The most popular one, according to the authors, is the log-entropy function. So basically we have

\[a_{ij} = \log(f_{ij}+1) \cdot \sum_{j=1}^n \frac{p_{ij}\log_2 p_{ij}}{\log_2 n}\]

And the input matrix is accomplished. It is obvious that the type-by-document input matrix is sparse.

Step 2: Build the Vector Space

After creating the input matrix \(\textbf{A}\), it is then transformed into a type and document vector space by orthogonal decompositions (or orthogonal matrices) in order to exploit truncation of the vectors, and also preserve certain properties of the matrix, including the norms, or vector lengths and distances, of the row and column vectors that form the $m\times n$ type-by-document input matrix A. Specifically, orthogonal matrix decompositions preserve the 2-norm and the Frobenius norm of matrix \(\textbf{A}\).

To be clear, we want to decompose \(\textbf{A}\) into orthogonal matrices, because an orthogonal matrix is perfect for building a vector space:

  • Every column vector is orthonormal (orthogonal to each other and each with norm 1), pointing in totally different directions, forming 90-degree angles between each other.
  • The column vectors form an orthonormal basis for a vector space, so every vector in the vector space can be written as a linear combination of vectors \([q_1,q_2,…,q_n]\), they span the vector space and are linearly independent.

Here are some methods to do the decomposition:

  • QR factorization.
  • ULV low-rank orthogonal decomposition.
  • Semi-discrete decomposition (SDD).
  • Singular value decomposition (SVD). Here we focus on the SVD approach, as it is the most popular one in this context.

Given the rank \(r\) of \(\textbf{A}\) (the number of vectors in the basis of the column space or the vector subspace spanned by the column vectors. Or you can just have the number of linearly independent rows or columns in the matrix), the SVD of \(\textbf{A}\) is given by \(A = U\Sigma V^T\) where

  • \(U\) is an orthogonal matrix. The first \(r\) columns contain \(r\) orthogonal eigenvectors associated with the nonzero \(r\) eigenvalues of \(AA^T\). The rows, or left singular vectors, are called type vectors.
  • \(V\) is also an orthogonal matrix. The first \(r\) columns contain \(r\) orthogonal eigenvectors associated with the nonzero \(r\) eigenvalues of \(A^T A\). The rows, or right singular vectors, are called document vectors.
  • \(\Sigma = diag(\sigma_1, \sigma_2, ..., \sigma_n)\) is a diagonal matrix. The first \(r\) diagonal entries are the nonnegative square roots of the \(r\) nonzero eigenvalues of \(AA^T\) and \(A^T A\). The nonzero diagonal elements are the singular values.

Suppose \(\textbf{A}\) has its best rank-\(k\) approximation \(A_k\), then we can generate \(A_k = U_k\Sigma_k V_k^T\) by ignoring or setting equal to zero but the first \(k\) elements or columns of the type vectors in \(U\), the first \(k\) singular values in \(\Sigma\), and the first \(k\) elements or columns of the document vectors in \(V\). So here we have a dimension reduction from \(r\) to \(k\) by removing “noise” in the database.

The derivation of the decomposition is indeed an eigenproblem.

  • If \(m \ge n\), first find the \(k\) largest eigenvalues and eigenvectors of the matrix \(A^T A\), and in this way we have the \(k\) document vectors with their corresponding singular values. Then compute
\[U_k = AV_k\Sigma_k^{-1}\]
  • If \(m < n\), first find the \(k\) largest eigenvalues and eigenvectors of the matrix \(AA^T\), and in this way we have the \(k\) type vectors with their corresponding singular values. Then compute
\[V_k = A^T U_k\Sigma_k^{-1}\]

The Lanczos algorithm is proven to be accurate and efficient for large, sparse symmetric eigenproblems where only a modest number of the largest or smallest eigenvalues of a matrix are desired.

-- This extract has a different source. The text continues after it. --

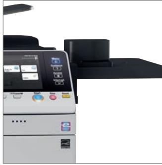
Optional off-line stapler

Now we have the $k$-dimension vector space model. Every type can be represented as a type vector in $U$ in the vector space and every document can be represented as a document vector in $V$ in the vector space as well.

Step 3: Do the Analysis.

In general, the comparison between documents and types are based on the similarity computation between the corresponding vectors.

Derivation of Comparison

For example, suppose we calculate similarity with dot products of both vectors. All the type-to-type dot products are given by:

\[A_k A_k^T = (U_k\Sigma_k V_k^T)(U_k\Sigma_k V_k^T)^T = U_k\Sigma_k\Sigma_k U_k^T = (U_k\Sigma_k)(U_k\Sigma_k)^T\]

then it becomes all the dot products between type vectors. Similarly, All the document-to-document dot products are given by:

\[A_k^T A_k = (U_k\Sigma_k V_k^T)^T(U_k\Sigma_k V_k^T) = V_k\Sigma_k\Sigma_k V_k^T = (V_k\Sigma_k)(V_k\Sigma_k)^T\]

then it becomes all the dot products between document vectors. Therefore, in any calculation of similarity between two vectors in this model, the vectors should be scaled by singular values first.

Calculate the Similarity

The comparison between types can be reached with calculation of the similarity between the singular-values-scaled type vectors, and the comparison between documents can be reached with the calculation of the similarity between the singular-values-scaled document vectors. The “similarity” function can be the dot product, cosine similarity, Minkowski distance, or any other measure.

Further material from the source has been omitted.